> [GIVEN MATERIAL]
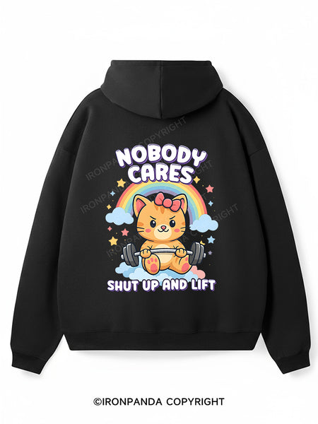 NOBODY CARES — SHUT UP AND LIFT Premium Fleece Gym Hoodie
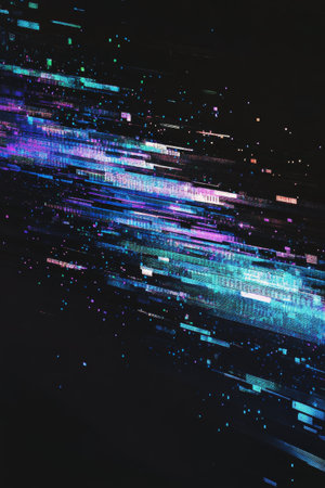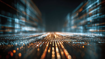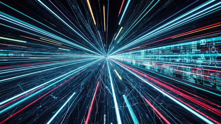 This captivating image features a dynamic stream of data flowing through a digital space, showcasing vibrant light effects that signify technology and information advancement.
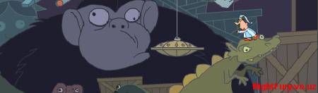 Ну вот. Лунатик пришёл в музей динозавров. Чтоб с ним ничего не случилось, нажимайте на объекты.

> [WORK INSTRUCTION]
All of the material above should be reproduced exactly, except the pictures.

> [WRITTEN ANSWER]
 NOBODY CARES — SHUT UP AND LIFT Premium Fleece Gym Hoodie
 This captivating image features a dynamic stream of data flowing through a digital space, showcasing vibrant light effects that signify technology and information advancement.
 Ну вот. Лунатик пришёл в музей динозавров. Чтоб с ним ничего не случилось, нажимайте на объекты.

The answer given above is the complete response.